** Opening Extracted information block **

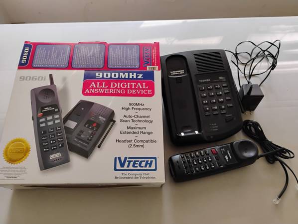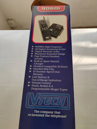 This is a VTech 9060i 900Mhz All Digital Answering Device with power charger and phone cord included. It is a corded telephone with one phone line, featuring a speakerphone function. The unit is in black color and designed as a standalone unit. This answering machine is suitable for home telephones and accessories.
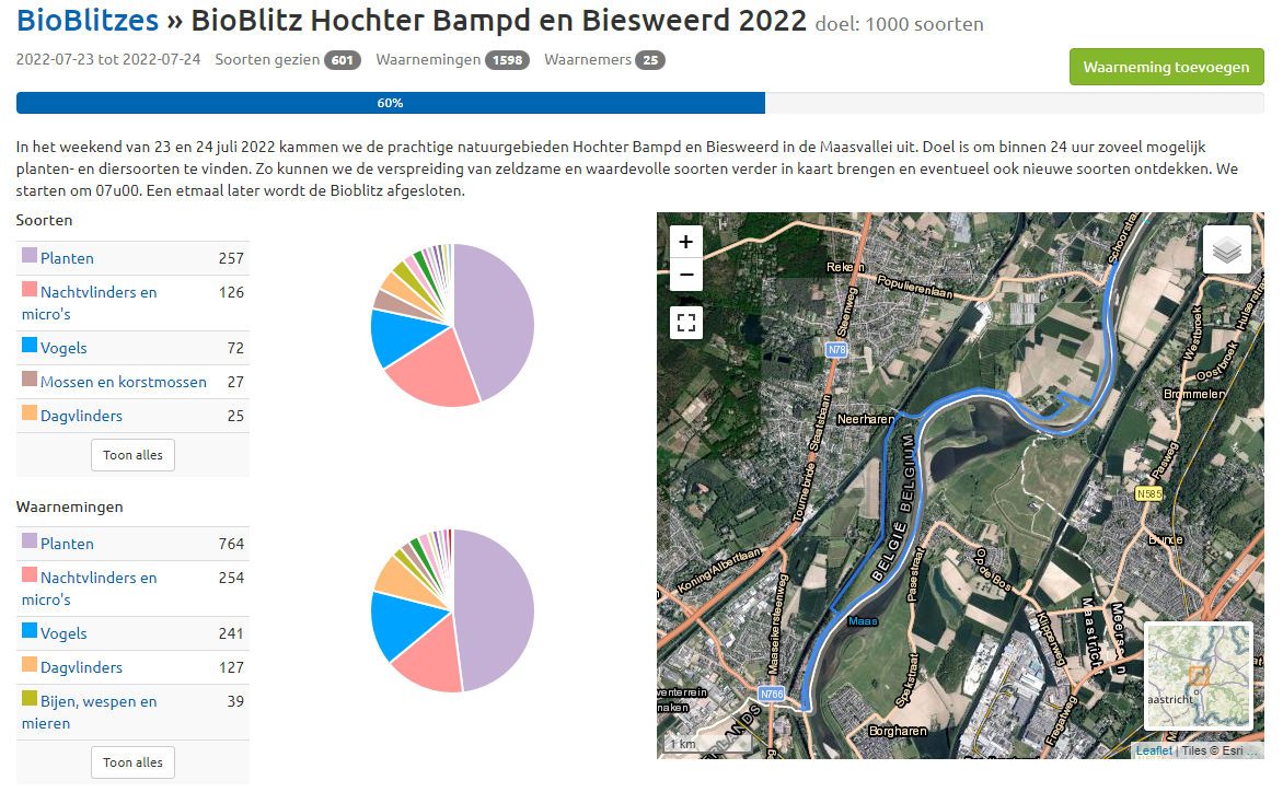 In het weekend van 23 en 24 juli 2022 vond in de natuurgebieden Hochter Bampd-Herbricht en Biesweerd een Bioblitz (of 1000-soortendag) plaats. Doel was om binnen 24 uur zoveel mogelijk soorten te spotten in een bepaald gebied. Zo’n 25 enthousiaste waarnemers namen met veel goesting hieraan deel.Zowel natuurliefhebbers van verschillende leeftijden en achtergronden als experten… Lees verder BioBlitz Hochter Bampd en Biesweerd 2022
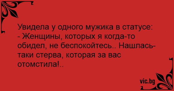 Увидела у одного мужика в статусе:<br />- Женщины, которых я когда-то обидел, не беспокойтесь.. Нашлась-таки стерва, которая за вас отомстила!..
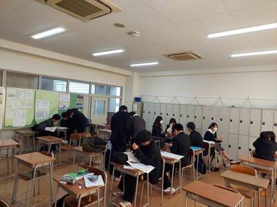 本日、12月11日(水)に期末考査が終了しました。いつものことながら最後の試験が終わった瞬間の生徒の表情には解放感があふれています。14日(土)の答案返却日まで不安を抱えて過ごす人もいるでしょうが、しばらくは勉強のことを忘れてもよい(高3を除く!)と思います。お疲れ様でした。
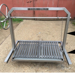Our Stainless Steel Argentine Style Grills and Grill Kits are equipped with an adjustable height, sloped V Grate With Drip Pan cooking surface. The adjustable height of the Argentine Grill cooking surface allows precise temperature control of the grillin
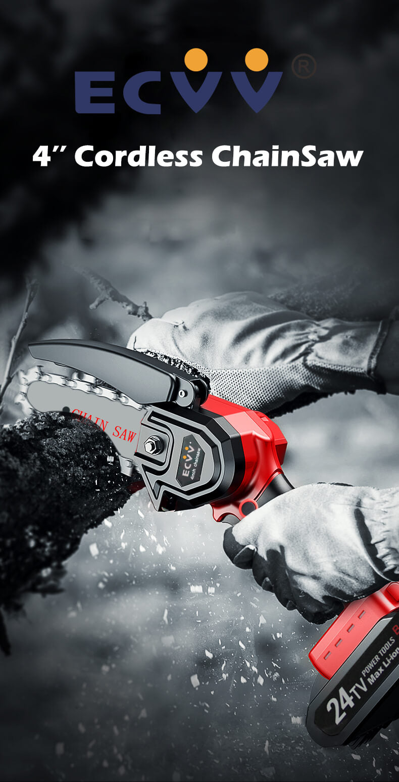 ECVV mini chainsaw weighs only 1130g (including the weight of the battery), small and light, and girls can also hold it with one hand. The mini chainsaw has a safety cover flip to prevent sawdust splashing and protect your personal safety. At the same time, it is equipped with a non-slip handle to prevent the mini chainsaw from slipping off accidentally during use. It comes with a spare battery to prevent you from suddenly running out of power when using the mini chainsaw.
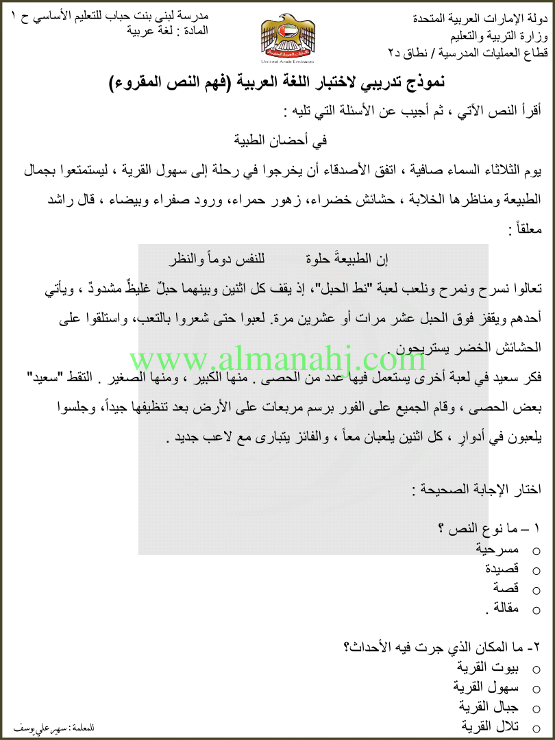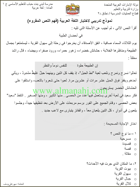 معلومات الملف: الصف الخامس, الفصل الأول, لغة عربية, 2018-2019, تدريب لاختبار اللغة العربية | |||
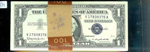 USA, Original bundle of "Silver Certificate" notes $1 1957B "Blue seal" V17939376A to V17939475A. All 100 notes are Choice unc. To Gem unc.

** Closing Extracted information block **

(Exercise objective): Write out exactly the lines from the one containing "معلومات الملف: الصف" through the last line of the records above, both ends included, and leave out any pictures.

(Solved exercise):
 معلومات الملف: الصف الخامس, الفصل الأول, لغة عربية, 2018-2019, تدريب لاختبار اللغة العربية | |||
 USA, Original bundle of "Silver Certificate" notes $1 1957B "Blue seal" V17939376A to V17939475A. All 100 notes are Choice unc. To Gem unc.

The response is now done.